■ **EXERCISE DESCRIPTION**: Could the data below be copied exactly, minus the pictures?

--- MATERIAL FOR THIS TASK Enclosed Below ---

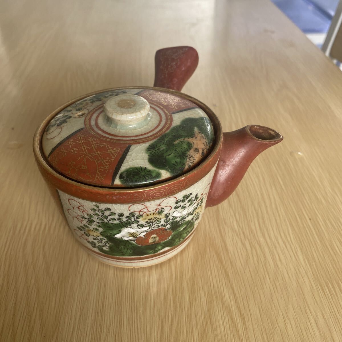 - 九谷 庄三 急須 人物 松 花紋 年代物 骨 煎茶道具 茶道具
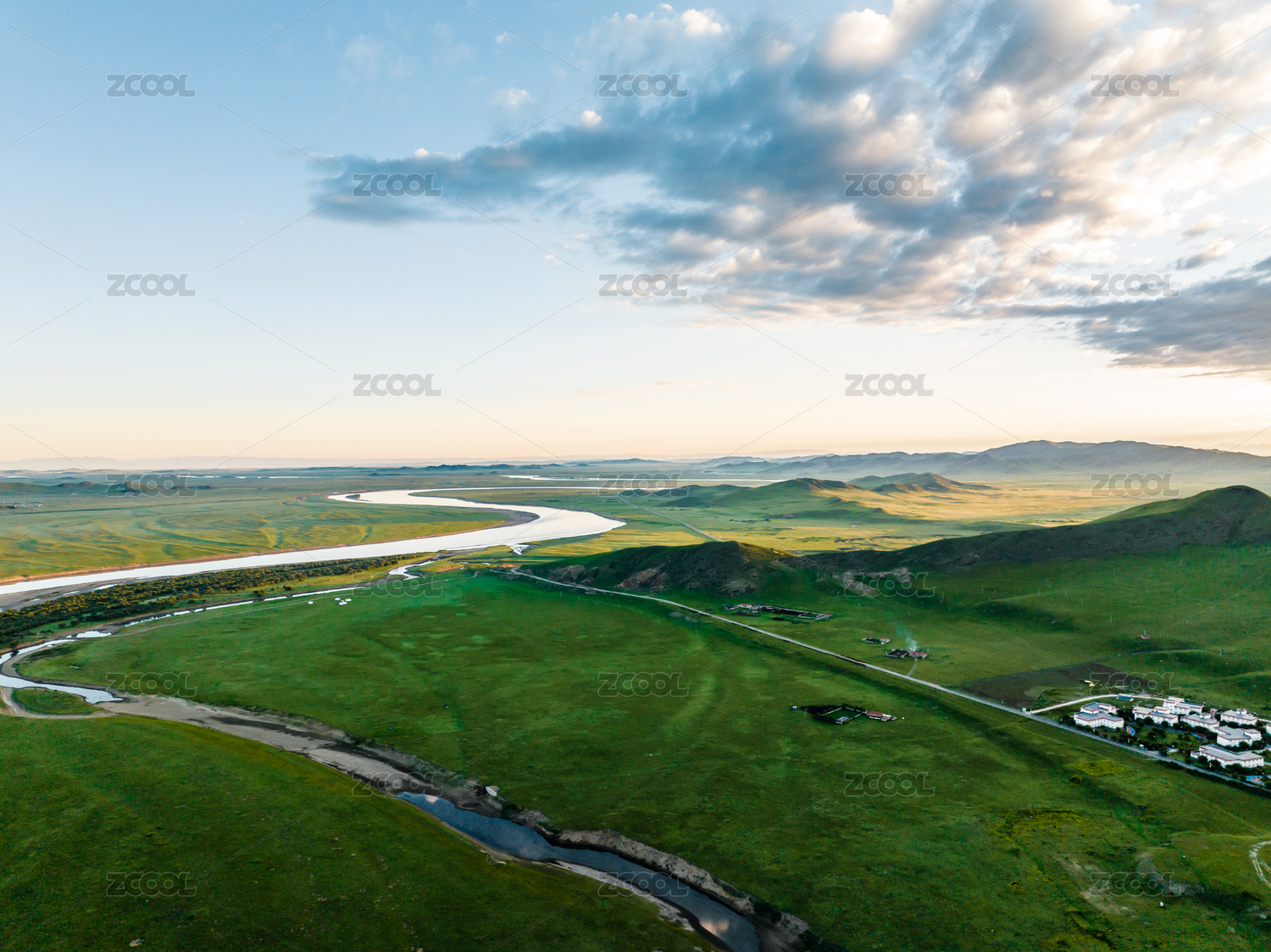 中国内蒙古呼伦贝尔大草原莫尔格勒河谷晚霞
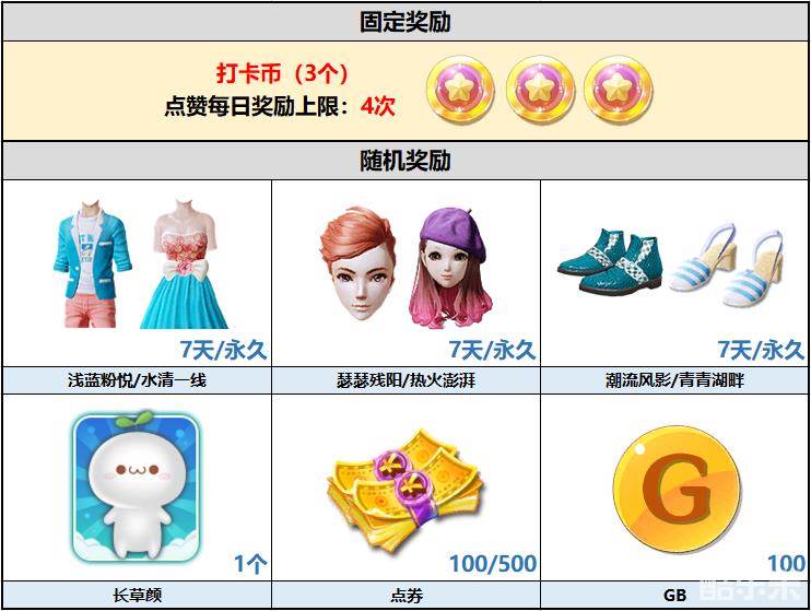 每日最多可获得4次点赞奖励,每次点赞必得3个打卡币,此外还会获得以下随机奖励之一,永久人气套装、发型、鞋子等你来拿!
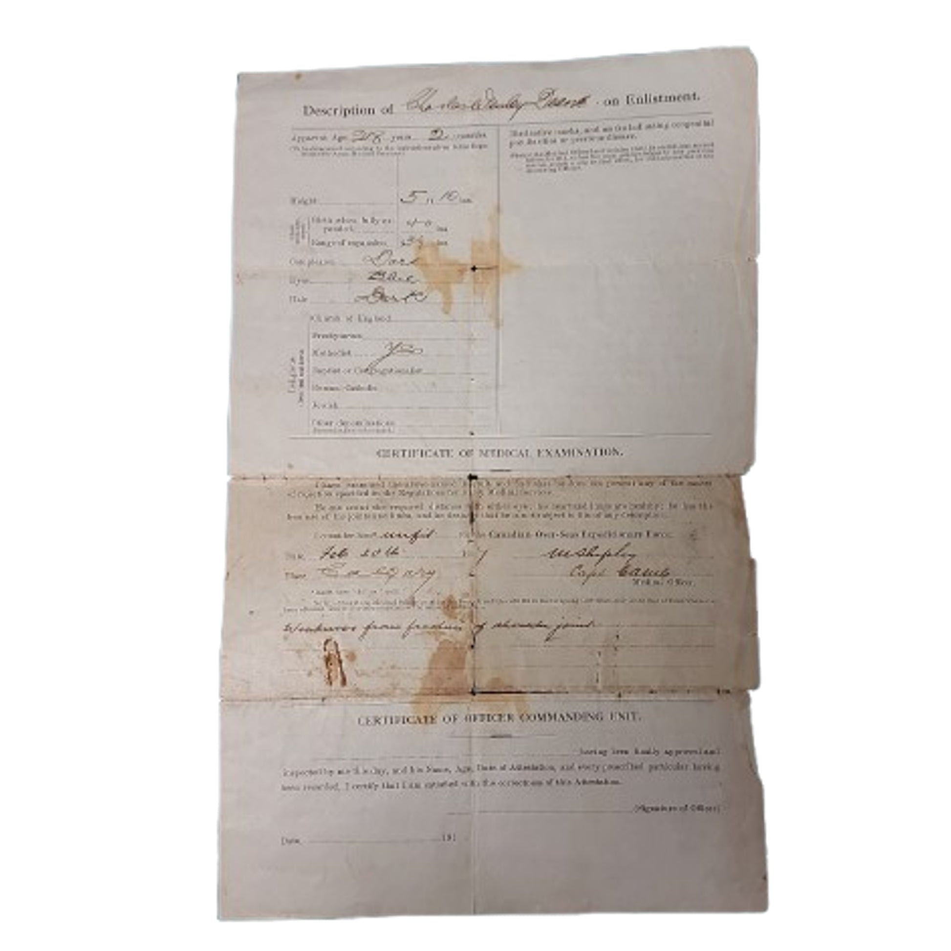 Original WW1 Canadian attestation paper, measuring 13 1/4 by 8 1/2 inches to a Calgary soldier who was rejected for health reasons. Dated February 22, 1917. Tearing to the fold lines. SKU: 62347
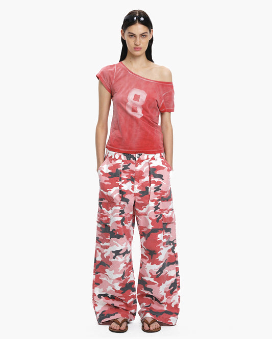 100% cotton Relaxed workwear fit Hand-distressed finishing Custom red camouflage pattern Garment washed for a...

--- End of Enclosed MATERIAL FOR THIS TASK ---

■ **EXERCISE RESULT**:
 - 九谷 庄三 急須 人物 松 花紋 年代物 骨 煎茶道具 茶道具
 中国内蒙古呼伦贝尔大草原莫尔格勒河谷晚霞
 每日最多可获得4次点赞奖励,每次点赞必得3个打卡币,此外还会获得以下随机奖励之一,永久人气套装、发型、鞋子等你来拿!
 Original WW1 Canadian attestation paper, measuring 13 1/4 by 8 1/2 inches to a Calgary soldier who was rejected for health reasons. Dated February 22, 1917. Tearing to the fold lines. SKU: 62347
 100% cotton Relaxed workwear fit Hand-distressed finishing Custom red camouflage pattern Garment washed for a...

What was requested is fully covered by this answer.